Sequence models

Recurrent neural networks

The models we saw last week (MLP, conv nets) were feedforward models (input → hidden layers → output).

How to process inputs that are sequences of variable length, for example a sentence or to track something in a video?

→ recurrent neural networks (RNN)

An RNN is a neural network that maps from an input space of sequences to an output space of sequences in a stateful way. That is, the prediction of the output $\mathrm{y}_t$ depends not only on the input $\mathrm{x}_t$, but also on the hidden state of the system, $\mathrm{h}_t$ which gets updated over time, as the sequence is processed.

→ it has a(n infinite) “memory”: the hidden state h is a function of all previous inputs in the sequence, enabling long-term dependencies

In a diagram, sometimes it’s drawn with a loop edge, sometimes with an unrolled verison.

(In the example on the right, there is only one hidden layer, but there can be multiple.)

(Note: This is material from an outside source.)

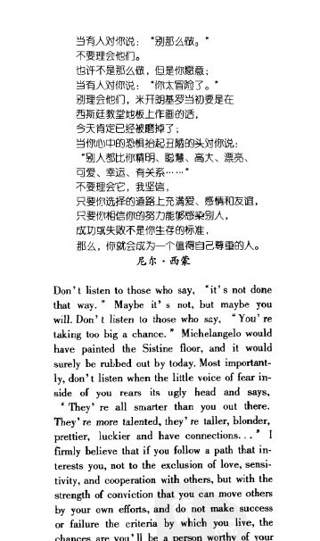 本书是一本激励人奋斗、前进的丛书。书中图文并茂,英汉对译。每一句格言都有其独特的内涵和意义。从中吸取经验、方法。引导事业走向成功的尽头。在这个时刻都想把你同化的世界,保持自我便宛如进行一场人类历史上最惨烈的战斗,但决不要放弃战斗。你挣扎着,企图保持自我本色,那是一场最艰以的战斗,可人人都没有停止过。
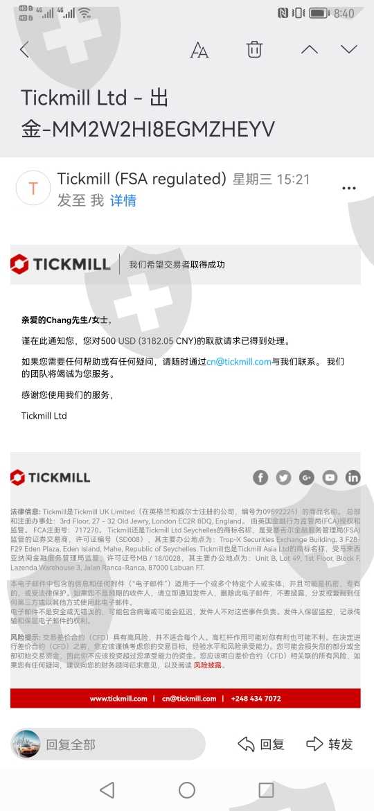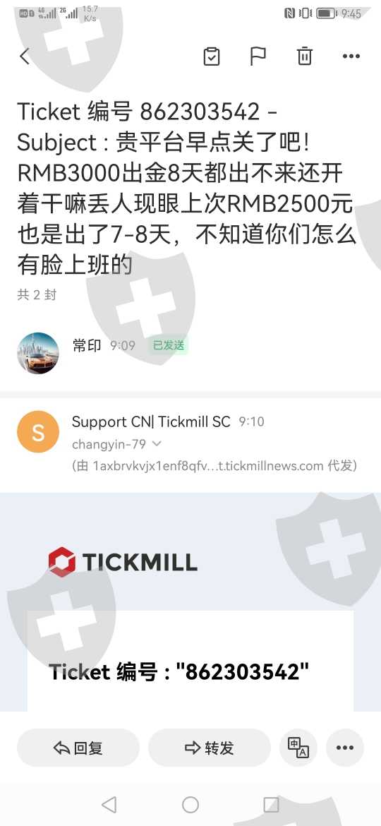tickmill平台要跑吗,2.14日出了400美元等了8天,现在3.6日出的500美到今天没有到账诚若的2-4天发邮件基本上不回要不然就是在联系支付商

Screenshot from 2024-01-20 16-26-58.png

Applications of RNNs

Object tracking: [Tracking of multiple objects by updating each objects hidden state using an RNN, He et al. CVPR 2019]
Human motion modeling [The Wanderings of Odysseus in 3D Scenes, Zhang et al. CVPR 2022]
Time series data, natural language, speech, human motion, and many more.

Training RNNs

Backprop in an RNN is called backpropagation throught time, since it goes through all the sequence elements and corresponding hidden layers.

$$ \text{Hidden layer:} \hspace{2em} h_t = f(W_h h_{t-1} + W_x x_t) $$

The weights are shared over time (same $W_h$ and $W_x$ for each $t$)!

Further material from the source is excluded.